What SELinux is trying to do is understand 'valid' program behavior and confine programs to it at a fine grained level in an environment where all of the following are true:
- Programs are large, complex, and can legitimately do many things
(this is especially so because we are really talking about entire
assemblages of programs, not just single binaries). After all,
SELinux is intended to secure things like web servers, database
engines, and mailers, all of which have huge amounts of functionality.
- Programs legitimately access things that are spread all over the
system and intermingled tightly with things that they should not
be able to touch. This requires fine-grained selectivity about
what programs can and cannot access.
- Programs use and rely on outside libraries that can have unpredictable, opaque, and undocumented internal behavior, including about what resources those libraries access. Since we're trying to confine all of the program's observed behavior, this necessarily includes the behavior of the libraries that it uses.
All of this means that thoroughly understanding program behavior is very hard, yet such a thorough understanding is the core prerequisite for a SELinux policy that is both correct and secure. Even when you've got a thorough understanding once, the issue with libraries means that it can be kicked out from underneath you by a library update.
(Such insufficient understanding of program behavior is almost certainly the root cause of a great many of the SELinux issues that got fixed here.)

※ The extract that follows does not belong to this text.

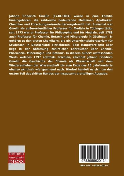 Johann Friedrich Gmelin (1748-1804) wurde in eine Familie hineingeboren, die zahlreiche bedeutende Mediziner, Apotheker, Chemiker und Forschungsreisende hervorgebracht hat. Zunächst war Gmelin als außerordentlicher Professor für Medizin in Tübingen tätig, seit 1773 war er Professor für Philosophie und für Medizin, seit 1788 auch Professor für Chemie, Botanik und Mineralogie in Göttingen. Er gehörte zu den ersten Chemikern, die ein Unterrichtslaboratorium für Studenten in Deutschland einrichteten. Sein Hauptverdienst aber liegt in der Abfassung zahlreicher Lehrbücher über Chemie, Pharmazie, Mineralogie und Botanik. In diesem äußert umfassenden Werk, welches 1797 erstmals erschien, zeichnet Johann Friedrich Gmelin die Geschichte der Chemie als Wissenschaft seit dem Wiederaufleben der Wissenschaft bis zum Ende des 18. Jahrhunderts ebenso akribisch wie spannend nach. Hierbei handelt es sich um den ersten Teil des dritten Bandes der insgesamt dreiteiligen Ausgabe.

This complexity is inherent in trying to understand program behavior
in the unconfined environment of a general Unix system, where
programs can touch devices in
/dev, configuration files under
/etc, run code from libraries in
/lib, run helper programs from
/usr/bin, poke around in files in various places in
/var, maybe read things from
network calls to various services, and so on. All the while they're
not supposed to be able to look at many things from those places
or do many 'wrong' operations. Your program that does DNS lookups
likely needs to be able to make TCP connections to port 53, but you
probably don't want it to be able to make TCP connections to port
25 (or 22). And maybe it needs to make some additional connections
to local services, depending on what NSS libraries got loaded by
glibc when it parsed
(Cryptography libraries have historically done some really creative
and crazy things on startup in the name of trying to get some
additional randomness, including reading
/etc/passwd and running
netstat. Yes, really (via).)
SELinux can be simple, but it requires massive reorganization of a
typical Linux system and application stack. For example, life would
be much simpler if all confined services ran inside defined directory
trees and had no access to anything outside their tree (ie everything
chroot()'d or close to it); then you could write
really simple file access rules (or at least start with them).

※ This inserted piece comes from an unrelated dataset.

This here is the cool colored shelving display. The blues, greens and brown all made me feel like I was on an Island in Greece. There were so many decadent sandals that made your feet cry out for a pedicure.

Similar things could be done with services provided to applications
(for example, 'all logging must be done through this interface'),
requirements to explicitly document required incoming and outgoing
network traffic, and so on.
(What all of these do is make it easier to understand expected program behavior, either by limiting what programs can do to start with or by requiring them to explicitly document their behavior in order to have it work at all.)
Sidebar: the configuration change problem
The problem gets much worse when you allow system administrators to substantially change the behavior of programs in unpredictable ways by changing their configurations. There is no scalable automated way to parse program configuration files and determine what they 'should' be doing or accessing based on the configuration, so now you're back to requiring people to recreate that understanding of program behavior, or at least a fragment of it (the part that their configuration changes affected).
This generously assumes that all points where sysadmins can change program configuration come prominently marked with 'if you touch this, you need to do this to the SELinux setup'. As you can experimentally determine today, this is not the case.